** EXERCISE MATERIAL follows **

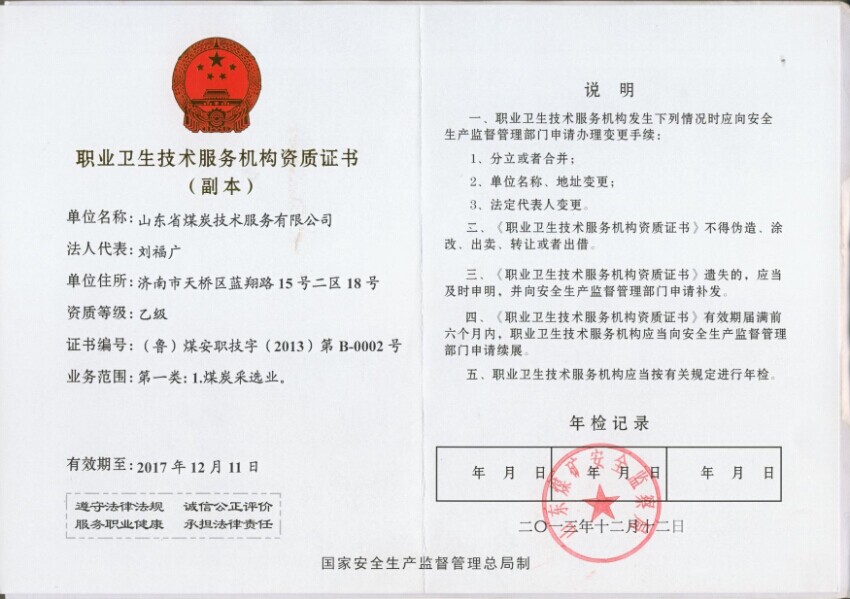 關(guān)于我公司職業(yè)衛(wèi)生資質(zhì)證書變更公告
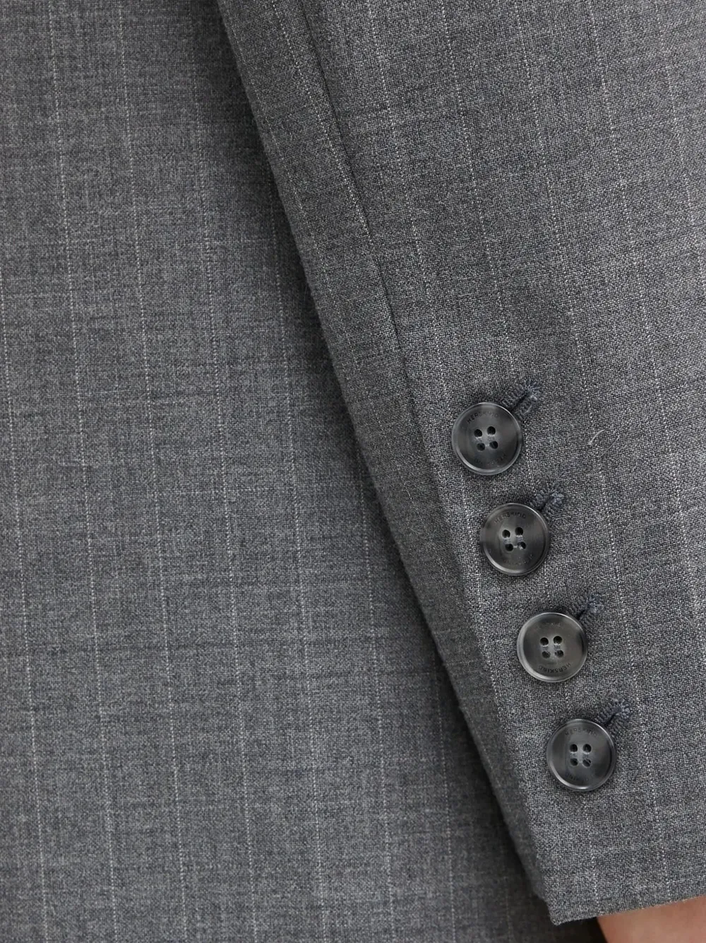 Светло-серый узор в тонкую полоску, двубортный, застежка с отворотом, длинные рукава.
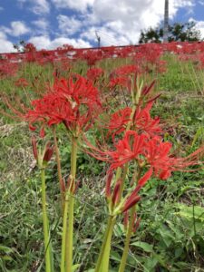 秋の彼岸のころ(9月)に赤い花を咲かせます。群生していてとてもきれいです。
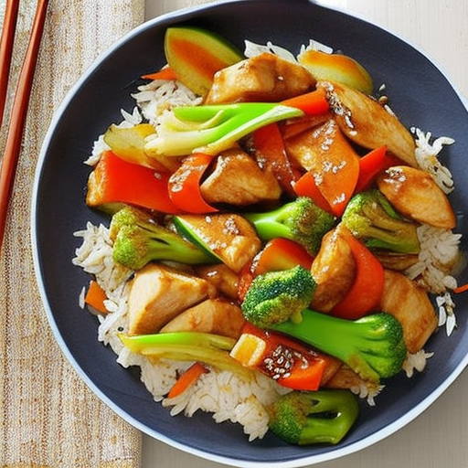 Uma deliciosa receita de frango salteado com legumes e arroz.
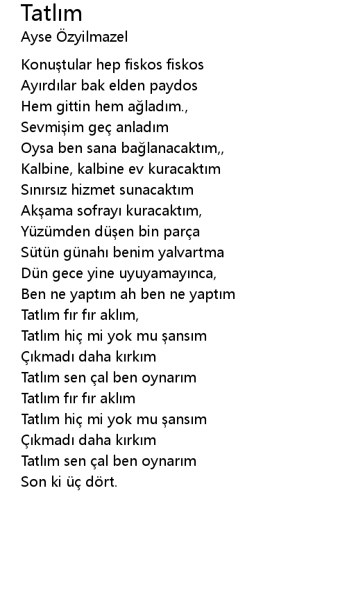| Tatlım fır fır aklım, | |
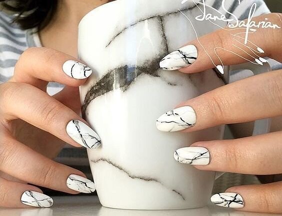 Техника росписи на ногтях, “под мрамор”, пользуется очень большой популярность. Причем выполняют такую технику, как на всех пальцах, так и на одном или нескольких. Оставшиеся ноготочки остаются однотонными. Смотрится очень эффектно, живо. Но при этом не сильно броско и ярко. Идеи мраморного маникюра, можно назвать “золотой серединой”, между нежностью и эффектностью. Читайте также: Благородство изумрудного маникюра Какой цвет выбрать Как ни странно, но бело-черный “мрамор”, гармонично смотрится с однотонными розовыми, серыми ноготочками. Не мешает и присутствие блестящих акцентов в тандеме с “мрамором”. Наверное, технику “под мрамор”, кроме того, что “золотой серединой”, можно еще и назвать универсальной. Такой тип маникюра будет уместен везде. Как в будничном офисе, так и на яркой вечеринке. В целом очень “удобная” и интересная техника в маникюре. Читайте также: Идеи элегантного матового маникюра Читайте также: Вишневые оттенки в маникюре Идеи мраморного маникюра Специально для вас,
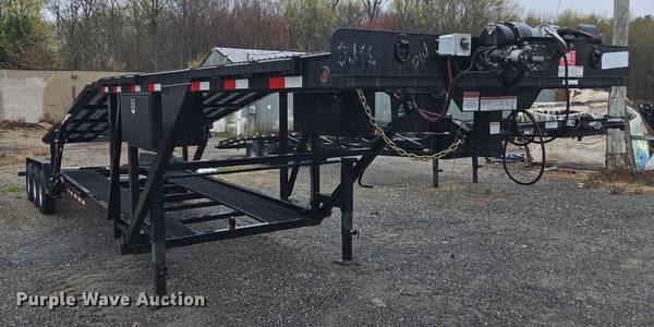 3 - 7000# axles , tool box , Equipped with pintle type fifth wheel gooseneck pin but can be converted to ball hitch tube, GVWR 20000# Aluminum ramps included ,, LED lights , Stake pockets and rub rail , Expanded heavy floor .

** End of EXERCISE MATERIAL **
** EXERCISE MATERIAL follows **

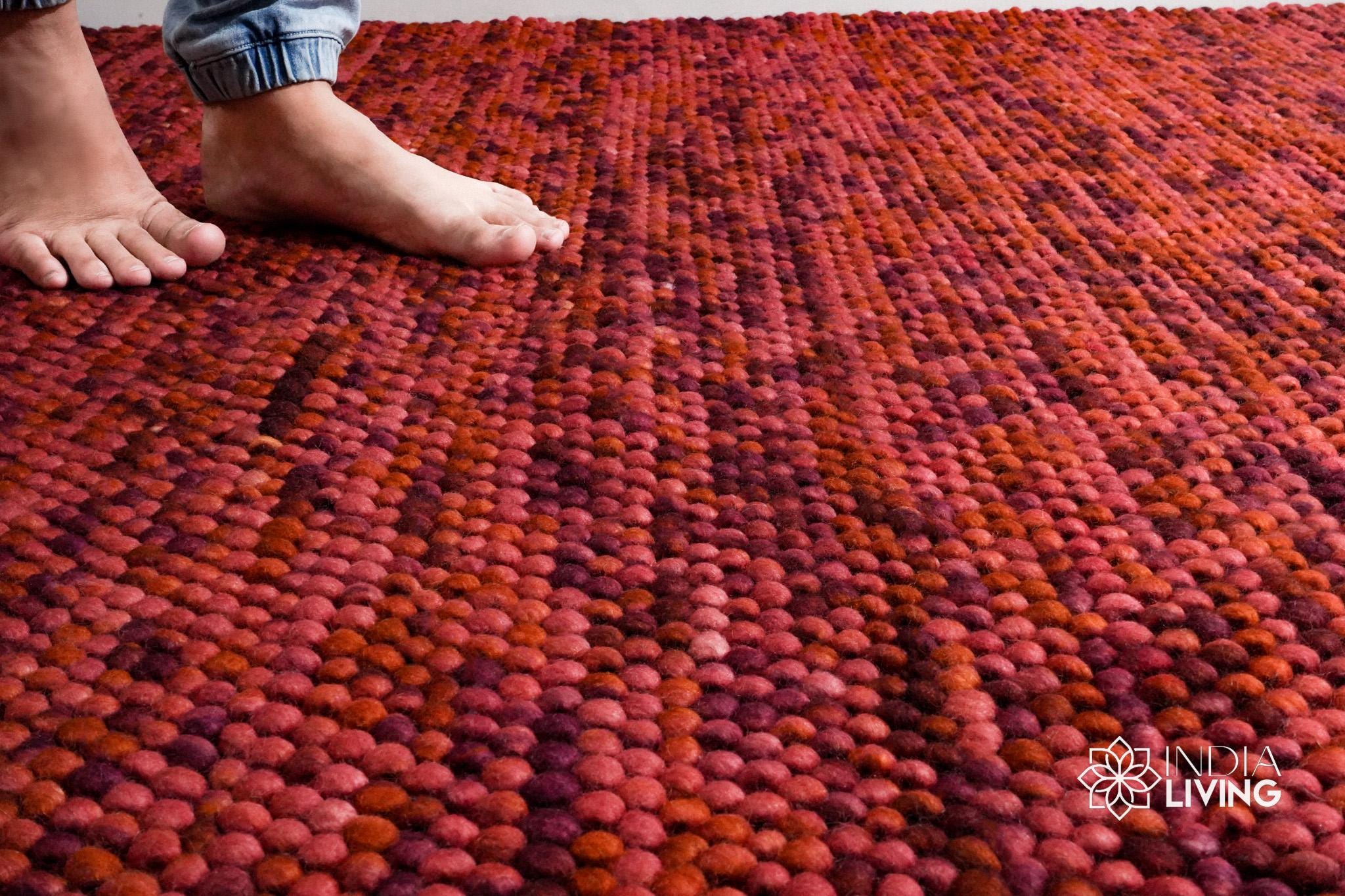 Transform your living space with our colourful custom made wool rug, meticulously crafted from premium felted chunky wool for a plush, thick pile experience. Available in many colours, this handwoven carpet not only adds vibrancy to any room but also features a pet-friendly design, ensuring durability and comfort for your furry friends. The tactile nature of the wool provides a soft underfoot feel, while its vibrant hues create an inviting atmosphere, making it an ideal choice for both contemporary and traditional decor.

** End of EXERCISE MATERIAL **

PROBLEM: Give back exactly the lines above from the one with "關(guān)于我公司職業(yè)衛(wèi)生資質(zhì)證書變更公告" through the one with "fır aklım, | |", both included. Pictures don't belong in the copy.

REPLY TO THE TASK:
 關(guān)于我公司職業(yè)衛(wèi)生資質(zhì)證書變更公告
 Светло-серый узор в тонкую полоску, двубортный, застежка с отворотом, длинные рукава.
 秋の彼岸のころ(9月)に赤い花を咲かせます。群生していてとてもきれいです。
 Uma deliciosa receita de frango salteado com legumes e arroz.
| Tatlım fır fır aklım, | |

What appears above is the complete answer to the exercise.